The simplest way to run it is as a web application within Uvicorn web server.
Installation
pip3 install duckdb 'txtai[api]'
Running
CONFIG=/path/to/config.yml uvicorn txtai.api:app
By default, the server listens on localhost:8000. This can be overriden:
CONFIG=/path/to/config.yml uvicorn --host 127.0.0.1 --port 9000 txtai.api:app
Example config.yml file:
# Index file path
path: /tmp/index
# Allow indexing of documents
writable: True
# Enbeddings index
embeddings:
path: sentence-transformers/all-MiniLM-L6-v2
See Configuration section of txtai documentation for more details.
Enabling Semantic Search
From CLI
$ stardog-admin db create -o semantic.search.enabled=true -o semantic.search.api.endpoint=http://localhost:8000 -n myDb
Using Java
Semantic search can be enabled when creating database programmatically by setting semantic.search.enabled
and semantic.search.api.endpoint
options, for example:
dbms.newDatabase("embeddingsTest")
.set(EmbeddingsOptions.EMBEDDINGS_SEARCHABLE, true)
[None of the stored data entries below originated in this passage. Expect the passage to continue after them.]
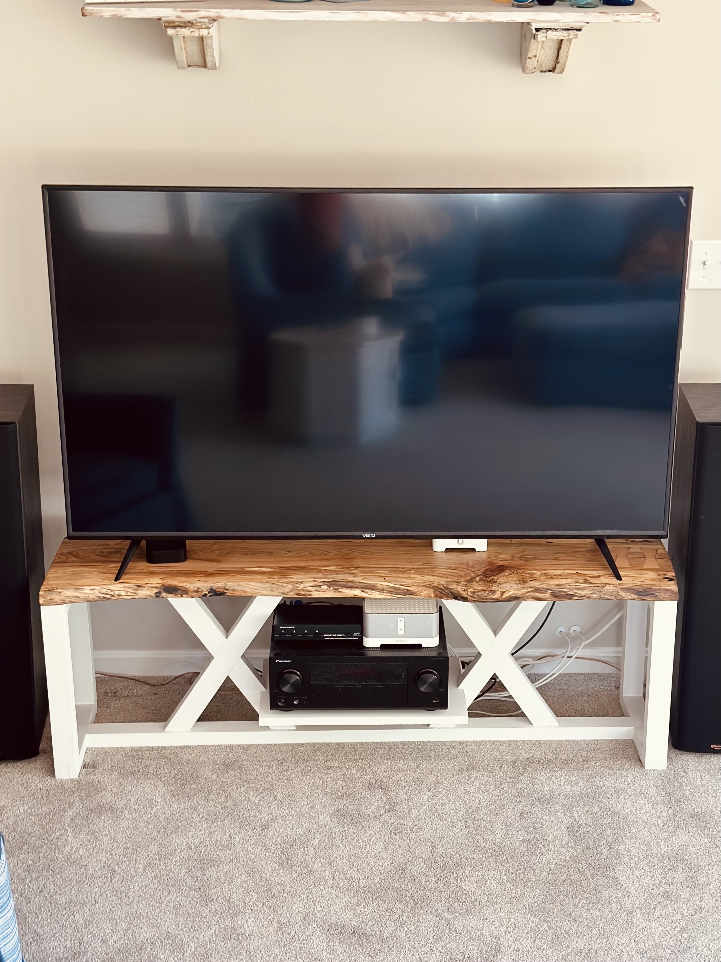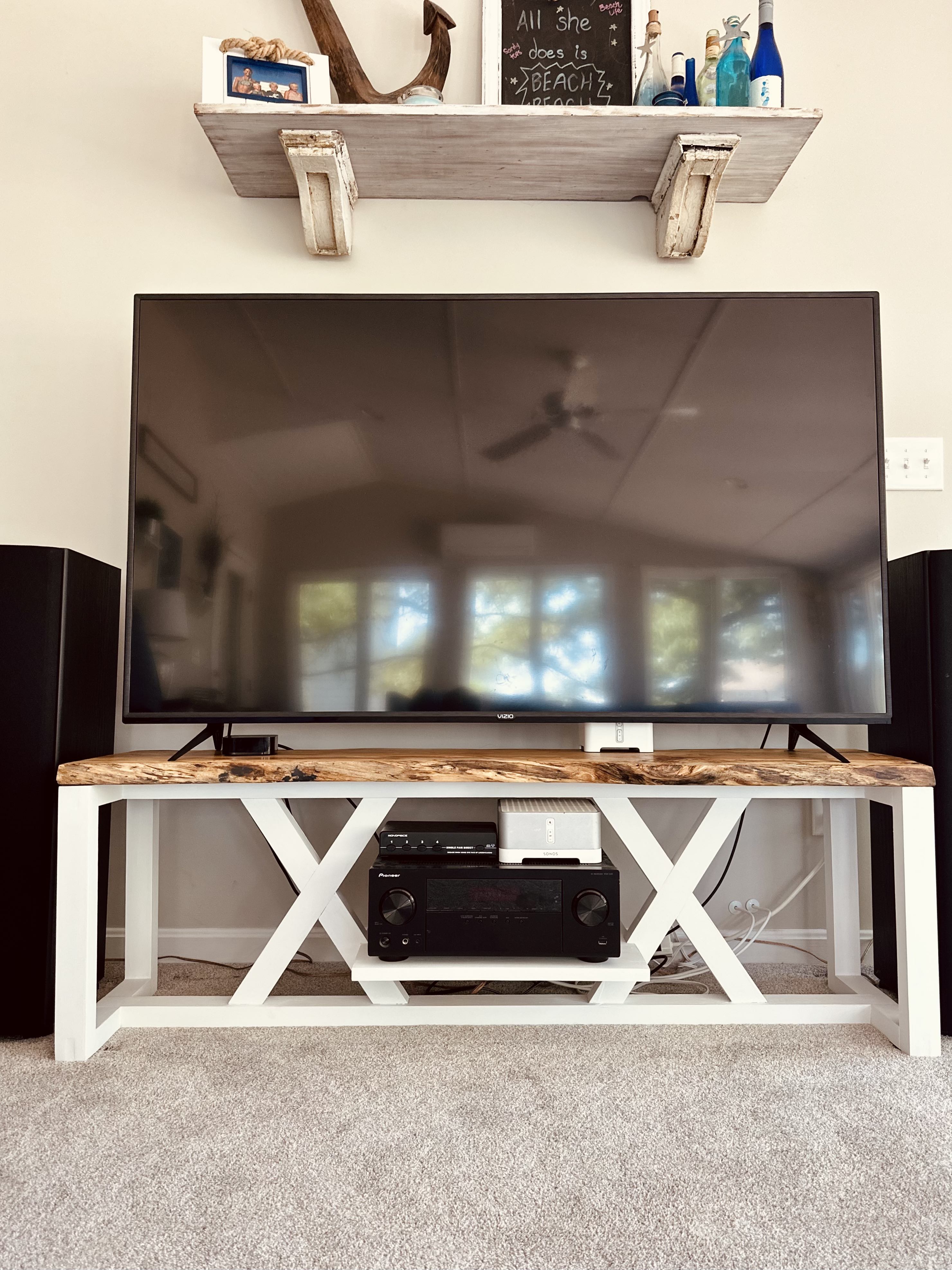 I did two, in fact! First there’s this awesome TV table, with a custom floating shelf for a receiver and equipment. Let me tell you, I noodled about getting the cuts right to make that shelf square for awhile.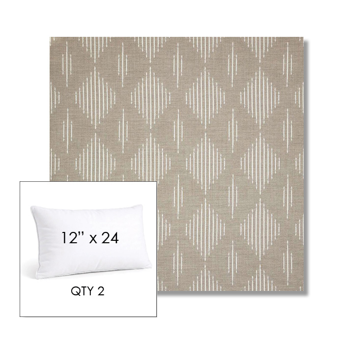 Custom 12" x 24" Lumbar Pillow SET OF TWO, square outdoor pillows available in over 700 Sunbrella® fabrics. Choose piping or knife-edge finish with optional covered button detail. Each pillow includes a zipper opening and premium outdoor insert for comfort, durability, and long-lasting outdoor performance.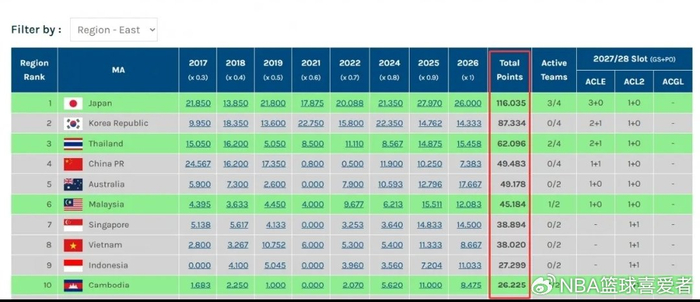 2025/26赛季亚冠单赛季技术积分正式敲定,中超联赛以7.383分滑落至东亚区第10位,被柬埔寨联赛(8.475分)正式超越,成为中国足坛又一扎心现实。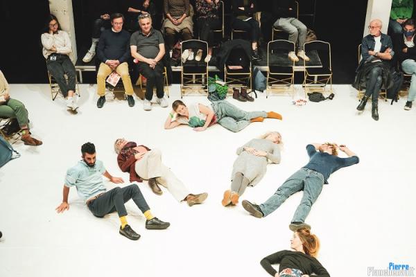 Mais l’acte final est à venir. Après avoir aidé un danseur à expier sa violence intérieure, ses camarades l’amènent dans la salle ! Juste après, deux danseurs se tombent dans les bras, se serrent et puis, proposent le même réconfort aux spectateurs, non sans s’enduire les mains de gel hydroalcoolique. Safe hugs, en quelque sorte… Et pourtant ils transpirent, et pourtant beaucoup, dans la salle reçoivent ce geste avec bonheur, après quelques hésitations.
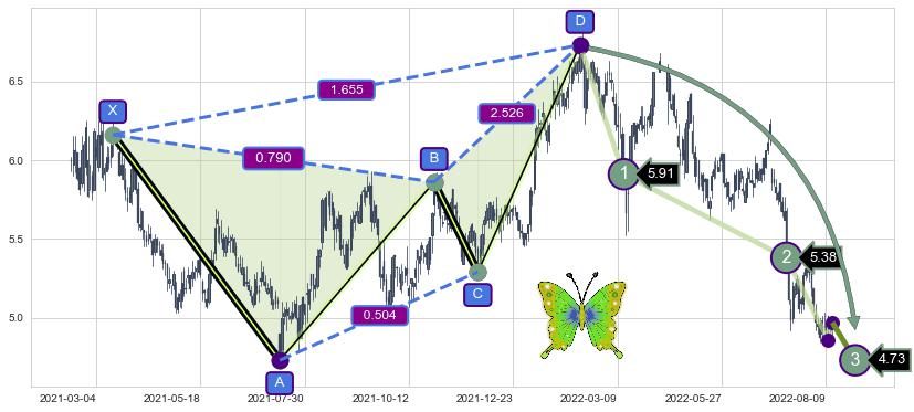 ➣ 已完成【蝴蝶】形态起点X: 2021-03-16, 终点D: 2022-02-11, 共225交易日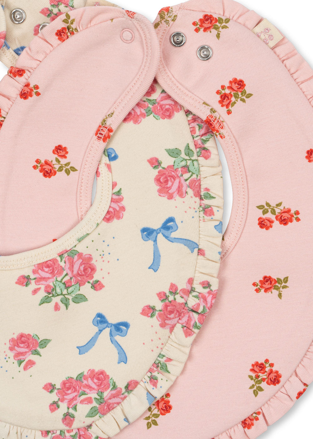 Set of two soft bibs with frill detailing. Designed with two adjustment levels for a comfortable fit.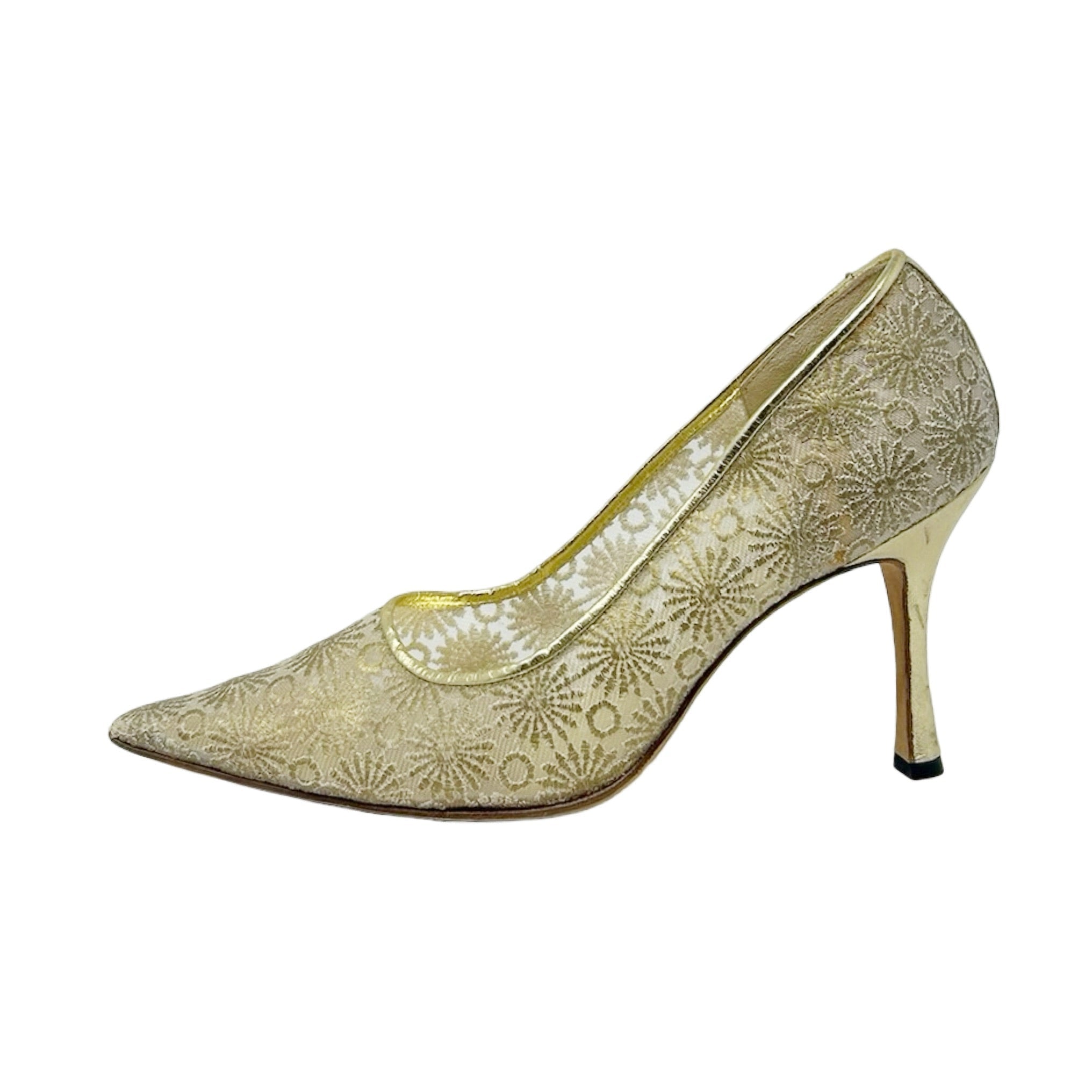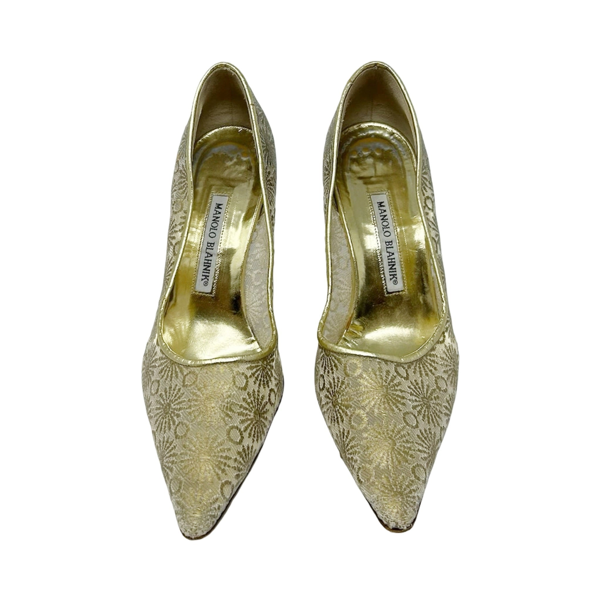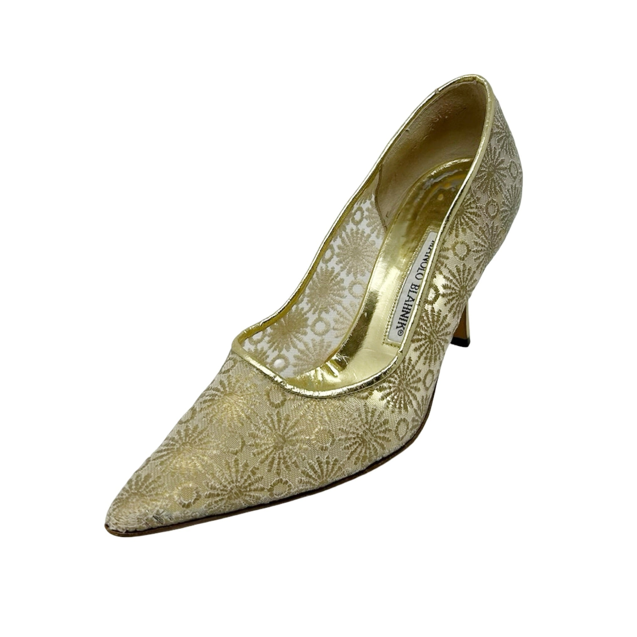 Description - Early 2000's metallic floral mesh Manolo Blahnik pumps with gold tone leather trim, leather covered heels and pointed toes.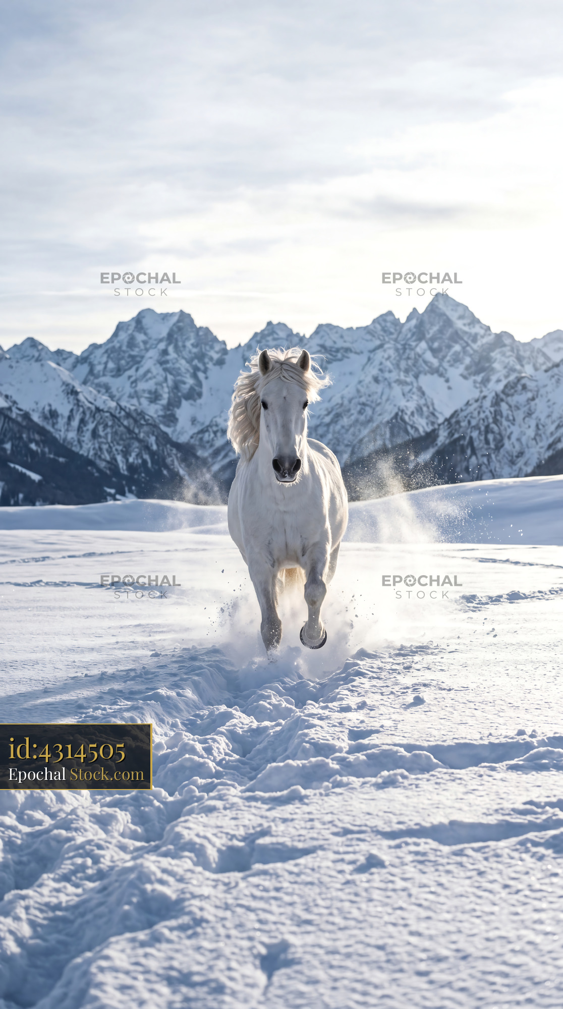 This majestic white horse pattern brings a serene winter landscape to life. Perfect for alpine-themed wallpaper, holiday gift wrap, or cozy nursery bedding and home decor.

.set(EmbeddingsOptions.EMBEDDINGS_API_ENDPOINT, "http://localhost:8000")
.create();
Integration with SPARQL
Unlike full text search, only service form is supported for Semantic search. Example:
prefix fts: <tag:stardog:api:search:>
SELECT * WHERE {
service fts:semanticMatch {
[] fts:query 'city' ;
fts:threshold 0.4 ;
fts:result ?result ;
fts:score ?score ;
fts:limit 10 ;
}
}
Semantic search service is identified by tag:stardog:api:search:emanticMatch
URI and takes the following parameters:
Parameter Name | Description |
---|---|
query | string to query over a search index |
result | results received from the search index for a query |
score | calculated score between a query and a hit result |
threshold | threshold to include results with scores above or equal |
limit | limit of the size of the hit results |
Searching over Variable Bindings
Similarly to full text match, fts:query
parameter can be specified as a variable so that the input to semantic search is coming from other graph patterns in the query
prefix fts: <tag:stardog:api:search:>
SELECT * WHERE {
# descriptions of places, bound to ?description variable,
# will be used as inputs to semantic search
?place a :Place; :description ?description .
service fts:textMatch {
[] fts:query ?description ;
fts:score ?score ;
fts:result ?similarDescription ;
}
}
Customization of Indexing
Data Types to be Indexed
Semantic search uses the same option as full text search to control which datatypes are indexed: search.index.datatypes
.
From CLI
$ stardog-admin db create -o semantic.search.enabled=true -o semantic.search.api.endpoint=http://localhost:8000 -o search.index.datatypes=urn:String,urn:Date -n myDb
Using Java
// Create a database with semantic search index with specific data types
List<IRI> dataTypeList = Lists.newArrayList(
Datatype.STRING.iri(),
Datatype.DATE.iri(),
Datatype.DATETIME.iri());
dbms.newDatabase("embeddingsTest")
.set(EmbeddingsOptions.EMBEDDINGS_SEARCHABLE, true)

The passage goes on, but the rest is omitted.